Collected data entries
◆ ◆ ◆ ◆

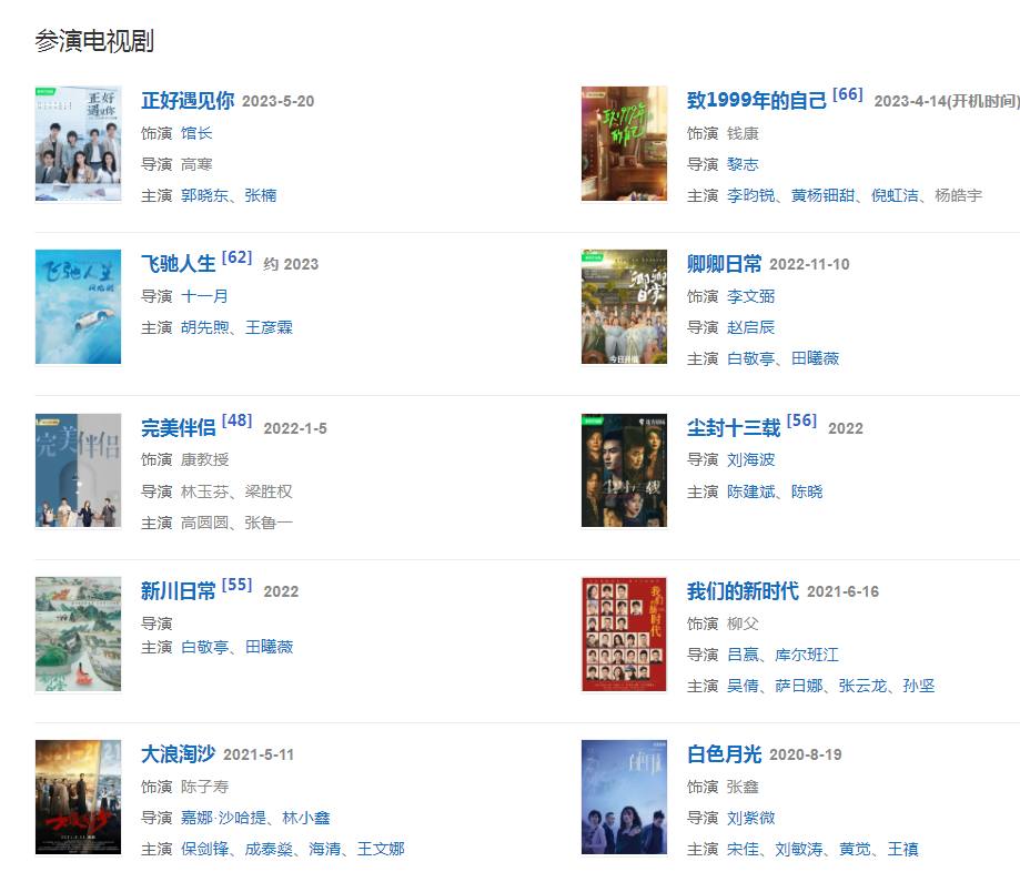 代表作品:武林外傳、大秦帝國之縱橫、做次有錢人、李可樂尋人記、都市男女、高粱紅了、擦槍走火
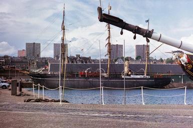 | Keywords: RRS-Discovery-in-Victoria-Dock-Dundee-1986-1.jpg en RRS Discovery in Victoria Dock Dundee now the site of City Quay shortly after returning to Dundee in 1986 and before it moved to Discovery Point Note HMS Unicorn's mast protruding at the right-hand side The five multis multi-storey flats in the background- four in a row and another in the distance- have all since been demolished own Scanned colour negative Smonoking summer 1986 56 27 37 99 N 2 57 40 56 W region GB_heading NW Notes; usual brightness and colour adjustments but aside from IR dust removal no details modified And yes the composition of this photo is dire- but it does serve the purpose of showing Discovery in its old location if little else Discovery ship 1901 HMS Unicorn ship 1824 Highrise buildings in Dundee 1986 in Dundee |
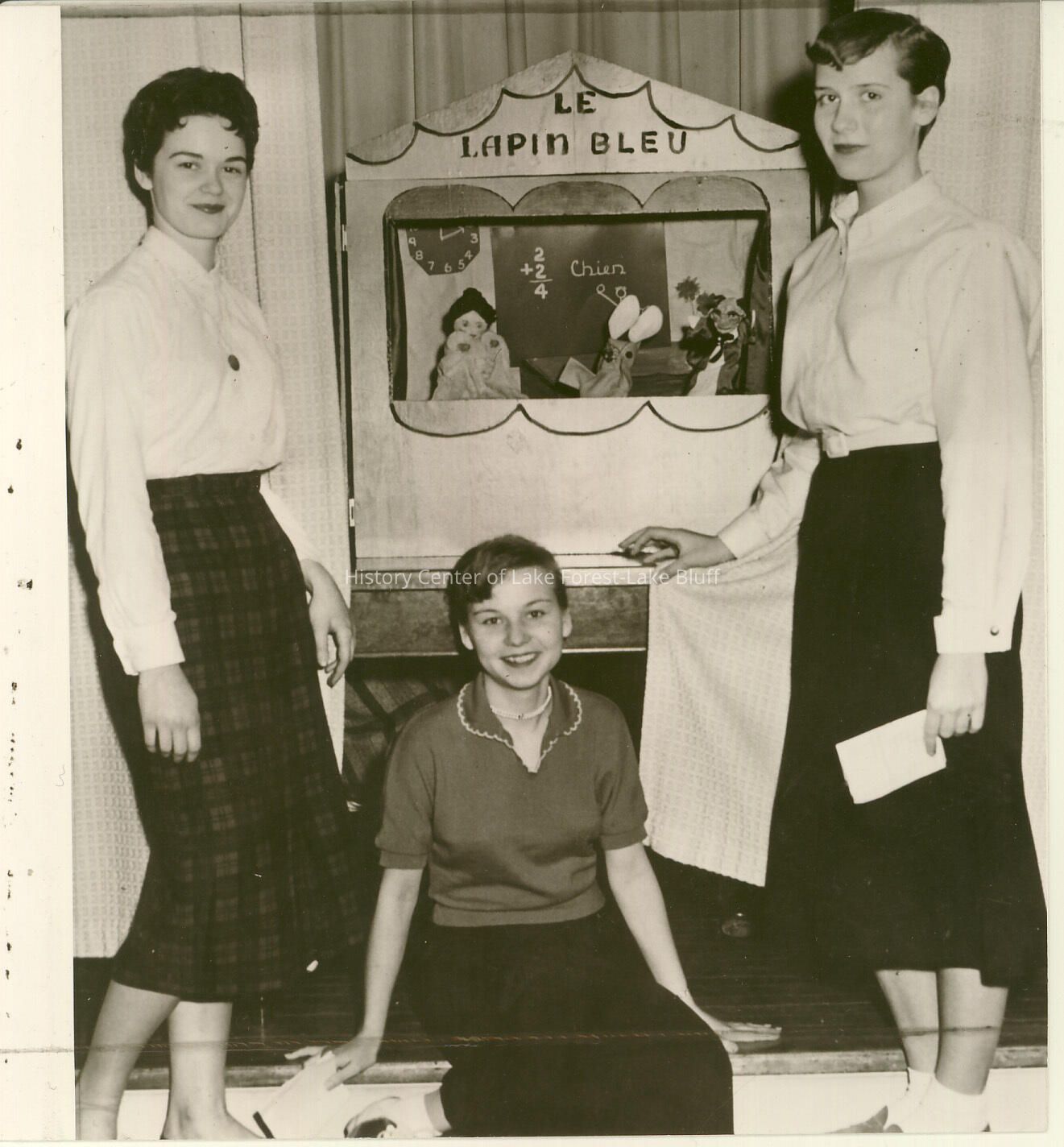 Three girls pose with a puppet show
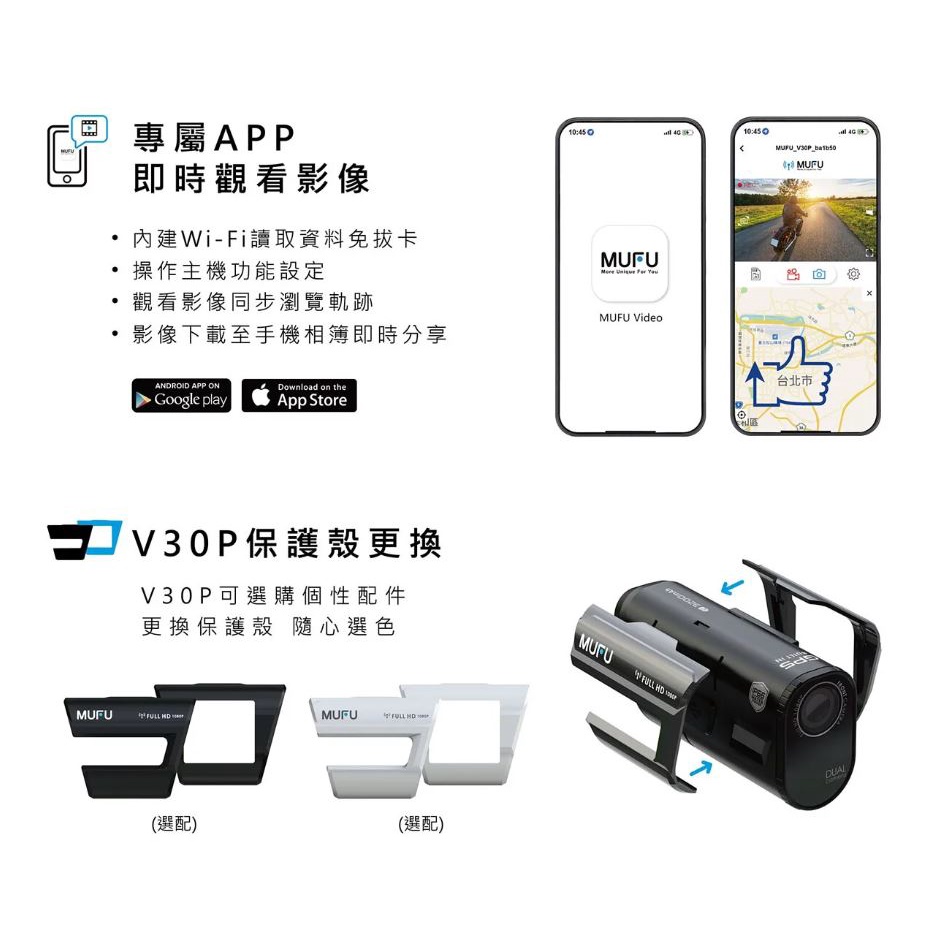 【現貨/贈128G+鏡頭保護貼】 MUFU V30P 好神機 雙鏡頭機車行車記錄器 內建GPS WIFI 高續航
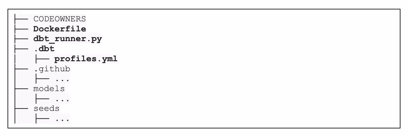 - a script to handle dbt arguments and execute them- Adapted from Leo Schick’s work, this python script, named dbt_runner.py, is placed at the root level of the dbt project. It performs the following actions:
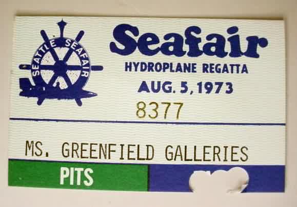 MS. GREENFIELD GALLERIES 1973 Seafair Pit Pass. approximately the size of a business card. 10.00
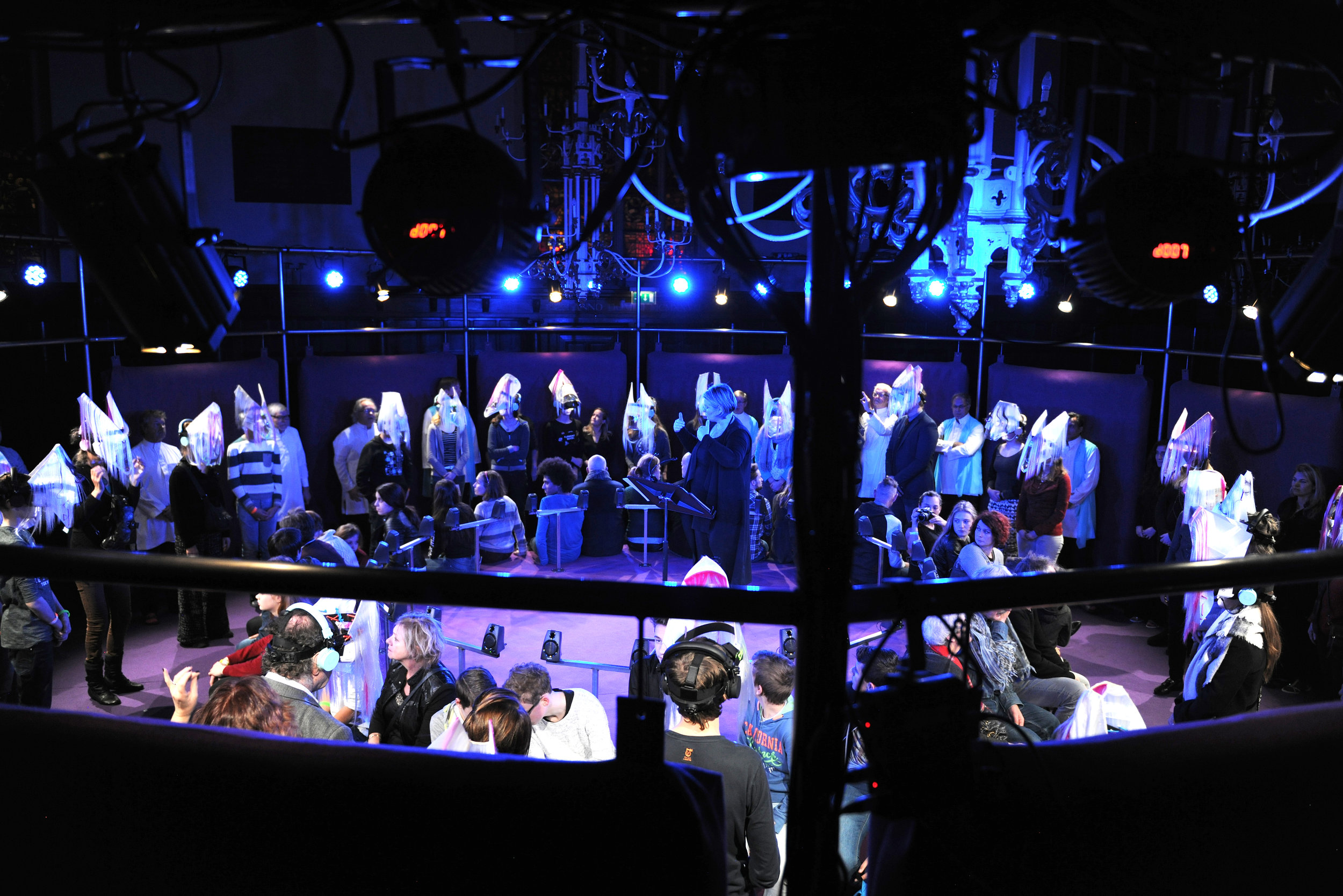 Together with VR group Wildvreemd, the goal was to create a theatrical experience where the audience is participating and singing together with professional opera singers. In this opera show 30 audience members put on VR helmets and play a game that they control with their voice. This dreamlike game asks them to sing, modulate, and harmonize.
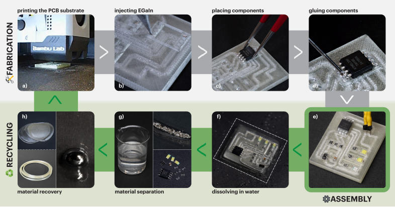 这种可回收电路板采用一种名为聚乙烯醇(PVA)的水溶性合成聚合物作为基材,并采用一种名为镓铟合金(EGaIn)的液态金属合金作为导体材料。电路板报废后,PVA会溶解于水中,而EGaIn材料则会聚集形成可重复使用的液态金属珠,便于回收并用于制造新的电路板。在初步测试中,由马里兰大学牵头的多机构合作团队发现,此种方法实现了98%的材料回收率。
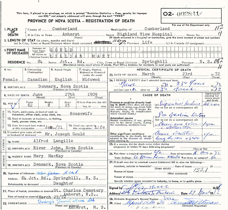 Parents Father: LANGILLE, Alfred William Mother: McKAY, Mary Elizabeth Birth Born on June 27, 1909 in Amherst, Cumberland Co., NS Death Died on March 23, 1972 in Amherst, Cumberland Co., NS Buried in St. Charles Cemetery in Amherst, Cumberland Co., NS Marriages GOULD, Joseph Roy Married on March 12, 1928 in Amherst, Cumberland Co., NS Children GOULD, Alfred R.: 1931 - 1967 Notes Death: Suprarenal Failure Sources Nova Scotia Deaths: Year 1972 #2841 Images Joseph R. & Lillian (Langille) & Alfred Gould Joseph R. & Lillian (Langille) Gould & Alfred Gould Lillian (Langille) Gould Death Lillian Langille Marriage

◆ ◆ ◆ ◆

# Task item:
Above are the records; repeat their lines from the first through the line containing "MS. GREENFIELD GALLERIES", and leave out each picture.

# Solution for this problem:
 代表作品:武林外傳、大秦帝國之縱橫、做次有錢人、李可樂尋人記、都市男女、高粱紅了、擦槍走火
 | Keywords: RRS-Discovery-in-Victoria-Dock-Dundee-1986-1.jpg en RRS Discovery in Victoria Dock Dundee now the site of City Quay shortly after returning to Dundee in 1986 and before it moved to Discovery Point Note HMS Unicorn's mast protruding at the right-hand side The five multis multi-storey flats in the background- four in a row and another in the distance- have all since been demolished own Scanned colour negative Smonoking summer 1986 56 27 37 99 N 2 57 40 56 W region GB_heading NW Notes; usual brightness and colour adjustments but aside from IR dust removal no details modified And yes the composition of this photo is dire- but it does serve the purpose of showing Discovery in its old location if little else Discovery ship 1901 HMS Unicorn ship 1824 Highrise buildings in Dundee 1986 in Dundee |
 Three girls pose with a puppet show
 【現貨/贈128G+鏡頭保護貼】 MUFU V30P 好神機 雙鏡頭機車行車記錄器 內建GPS WIFI 高續航
 - a script to handle dbt arguments and execute them- Adapted from Leo Schick’s work, this python script, named dbt_runner.py, is placed at the root level of the dbt project. It performs the following actions:
 MS. GREENFIELD GALLERIES 1973 Seafair Pit Pass. approximately the size of a business card. 10.00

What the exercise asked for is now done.